**Exercise instructions**
Once "Desde la Plaza" turns up in a line below, reproduce that line and those after it exactly, stopping after the line with "パンツの腰回りに生地の折り込"; leave pictures out.

**Stored items from a collection**
────
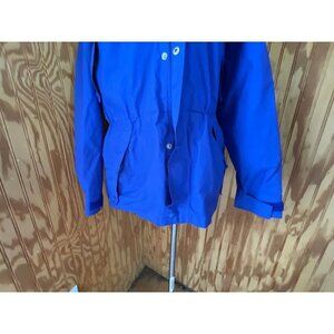 This jacket is in good pre-owned condition. NO holes, tears or stains. Color is hard to photograph, true color is darker than in front photo- please see photo of tags for true color. Please see pics for more condition details.
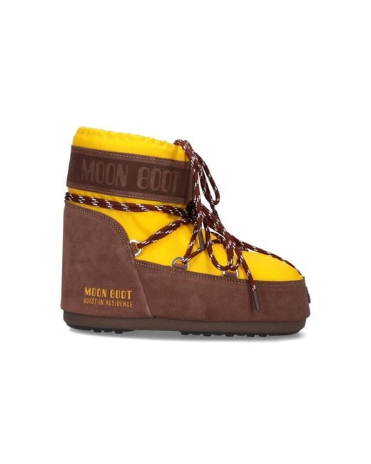 Moon Boot x Guest In Residence 'Icon Low' boots in yellow fabric with round toe, lace-up closure, embossed logo detail on the side, contrast leather trim, rubber sole. - Sole: 100% rubber Color: yellow
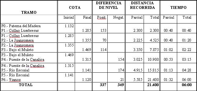 Desde la Plaza Mayor de Paterna del Madera, es preciso subir hacia la carretera por la calle del Príncipe, para seguir hacia la izquierda en dirección hacia el este. Por la carretera es preciso continuar algo menos de kilómetro y medio, hasta llegar a la Fuente del Quebrao, junto a la que sale una senda por la derecha de la carretera. La senda va a ascender durante casi un kilómetro hasta situarnos, por el Collao Lumbreras, en la cuerda de la Atalaya. Si siguiéramos hacia la derecha, por la cuerda, llegaríamos a la Atalaya, sobre Paterna del Madera. Para seguir nuestro camino, hemos de descender por la otra vertiente, hasta unirse con el camino del calaire y continuar juntos hasta cruzar el río de las Acequias sobre un carril. Desde allí sigue la senda hasta ascender a la Juansomera, en casi un kilómetro.
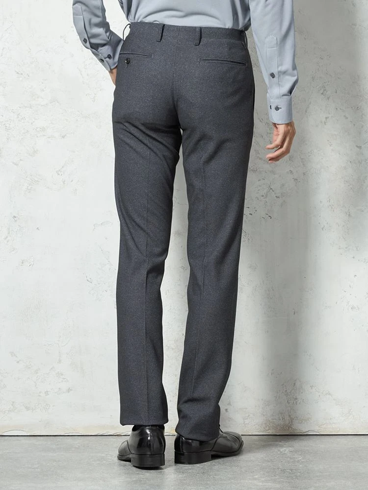 パンツの腰回りに生地の折り込みがなく、スッキリとしたシルエットを実現します。シンプルで洗練された印象を与え、すっきりとした着こなしが可能です。
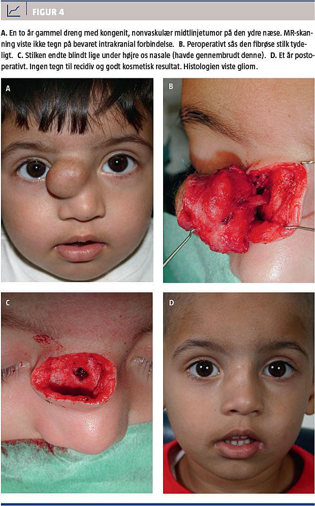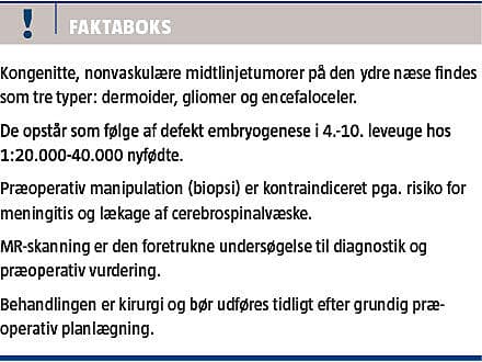 Kongenitte, nonvaskulære midtlinjetumorer (KNMT) på den ydre næse er sjældne og forekommer, afhængigt af typen, hos 1:20.000-40.000 nyfødte [1]. Der findes tre typer nævnt efter hyppighed: dermoider, gliomer og encefaloceler. De er benigne, men kan forårsage svær deformitet af midtansigtet, destruktion og blivende påvirkning af næsens strukturer, recidiverende infektioner og meningitis. De opdages oftest umiddelbart efter fødslen, men små KNMT diagnosticeres af og til senere. Til trods for at kun disse tumorer er medfødte, fejldiagnosticeres de ikke sjældent med deraf følgende risiko for fejlbehandling og komplikationer [2].
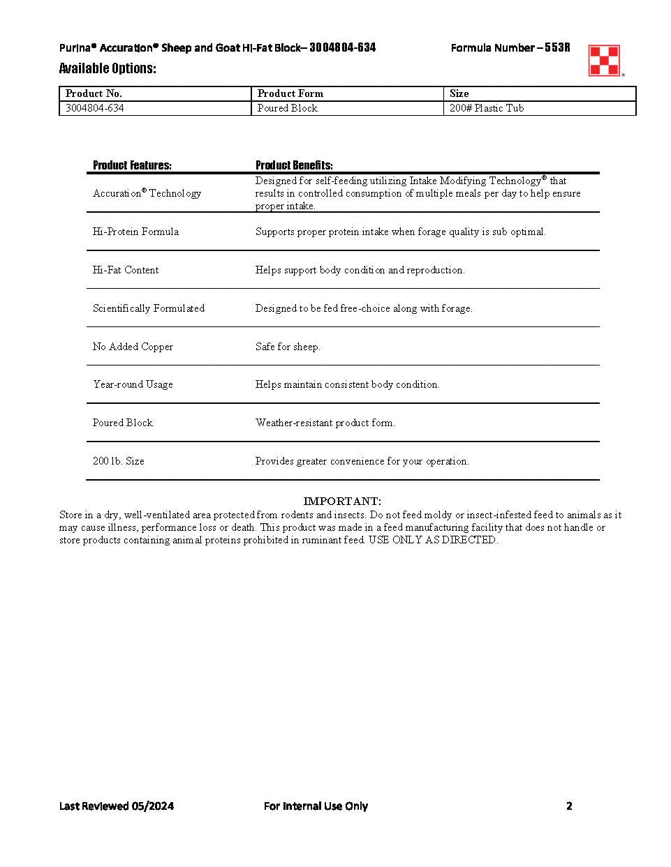 Purina® Accuration® Sheep & Goat Hi-Fat Block is a premium, weather-resistant, protein block with fat, vitamins and minerals added to balance nutrient deficiencies in fair quality forages. Designed specifically for sheep and goats, Purina® Accuration® Sheep & Goat Hi-Fat Block provides convenience and peace of mind for your entire herd.
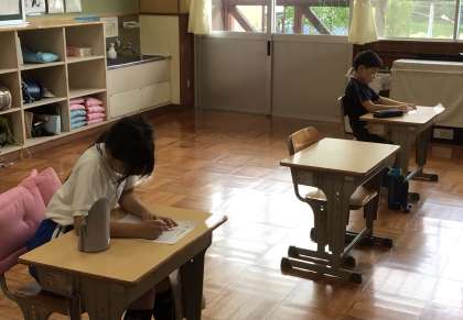 4年生は、先に朝の会を行なっています。歯磨きカードの記入をしたり気温・湿度の数字を読んだりしていました。4年生は、この後、豊田市交通安全学習センターへ行きました。
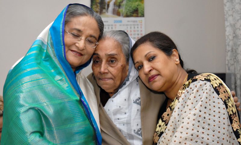 شیخ مجیب الرحمن کی دو بٹیاں حسینہ واجد اور شیخ ریحانہ جرمنی میں ہونے کی وجہ سے اس حملے سے محفوظ رہیں۔ فوٹو اے ایف پی
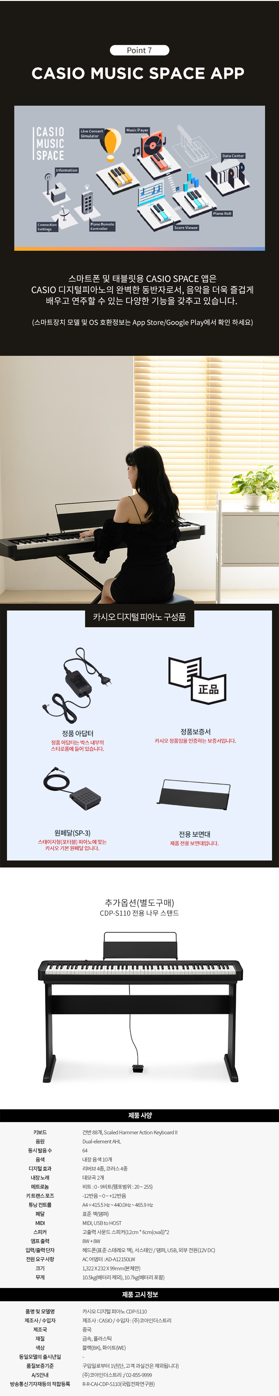 (현대Hmall)카시오 CDP-S110 전자 디지털피아노 88해머건반 슬림형 CDPS110
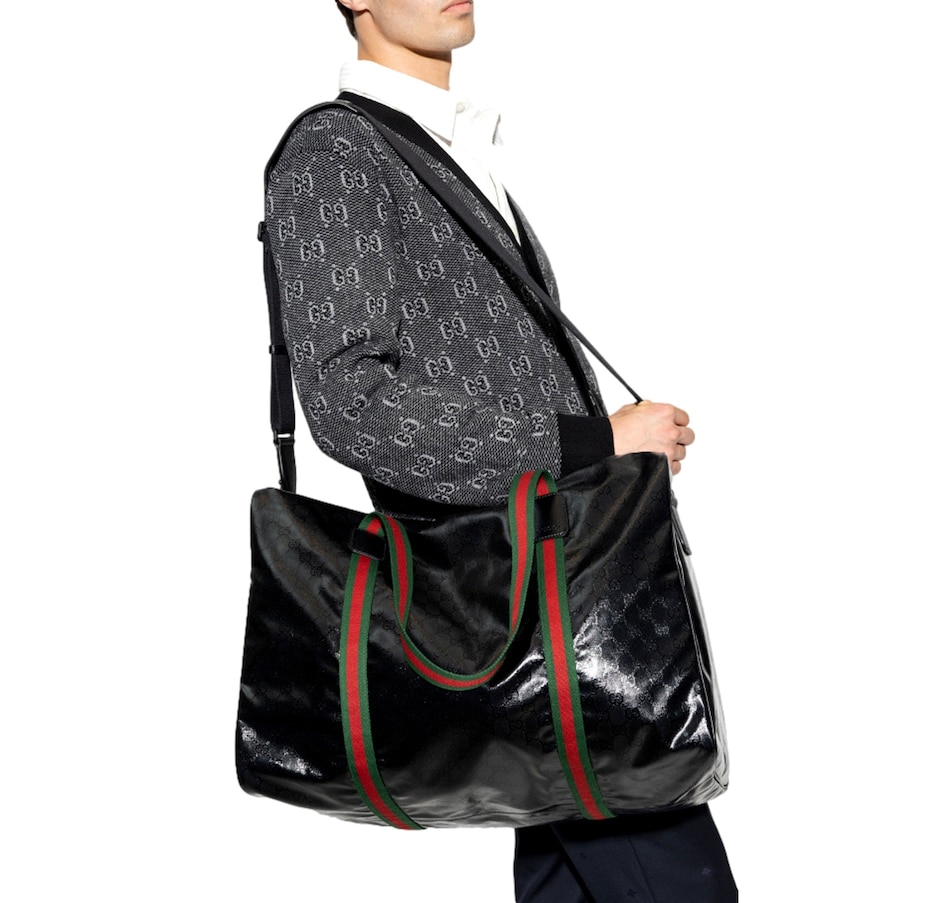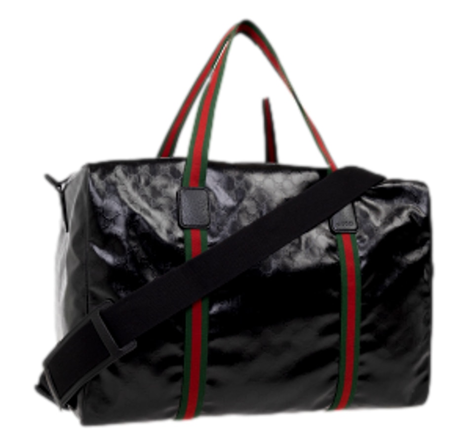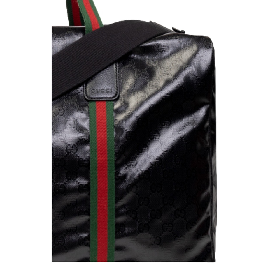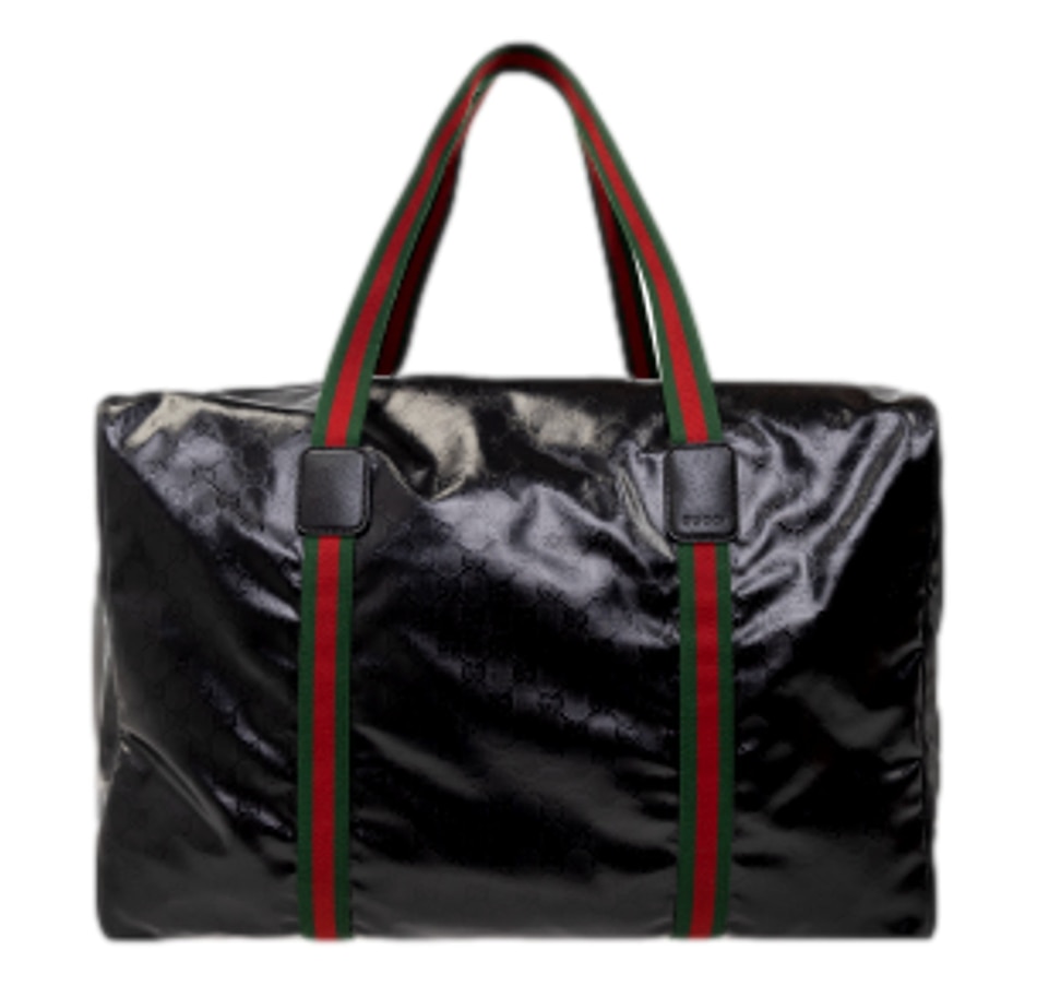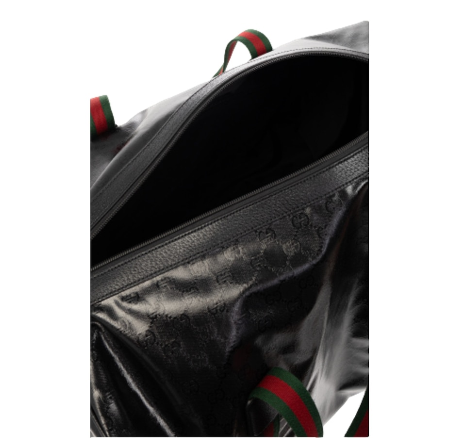 The Gucci GG Black Glossy ‘Duffle Maxi’ Calfskin Leather Trim Duffel Bag is a sophisticated and luxurious piece that embodies timeless style and exceptional craftsmanship. Made from high-quality glossy black fabric, it features the iconic GG logo, adding a subtle yet distinctive touch of brand heritage. The bag is expertly trimmed with smooth calfskin leather, offering durability and elegance. With its spacious interior, this duffel bag is perfect for travel or everyday use, providing ample room for essentials while maintaining a sleek, refined silhouette. Its comfortable canvas webstripe handles and optional shoulder strap make it versatile and easy to carry, combining both functionality and fashion in one statement piece.
────
**Expected output**
 Desde la Plaza Mayor de Paterna del Madera, es preciso subir hacia la carretera por la calle del Príncipe, para seguir hacia la izquierda en dirección hacia el este. Por la carretera es preciso continuar algo menos de kilómetro y medio, hasta llegar a la Fuente del Quebrao, junto a la que sale una senda por la derecha de la carretera. La senda va a ascender durante casi un kilómetro hasta situarnos, por el Collao Lumbreras, en la cuerda de la Atalaya. Si siguiéramos hacia la derecha, por la cuerda, llegaríamos a la Atalaya, sobre Paterna del Madera. Para seguir nuestro camino, hemos de descender por la otra vertiente, hasta unirse con el camino del calaire y continuar juntos hasta cruzar el río de las Acequias sobre un carril. Desde allí sigue la senda hasta ascender a la Juansomera, en casi un kilómetro.
 パンツの腰回りに生地の折り込みがなく、スッキリとしたシルエットを実現します。シンプルで洗練された印象を与え、すっきりとした着こなしが可能です。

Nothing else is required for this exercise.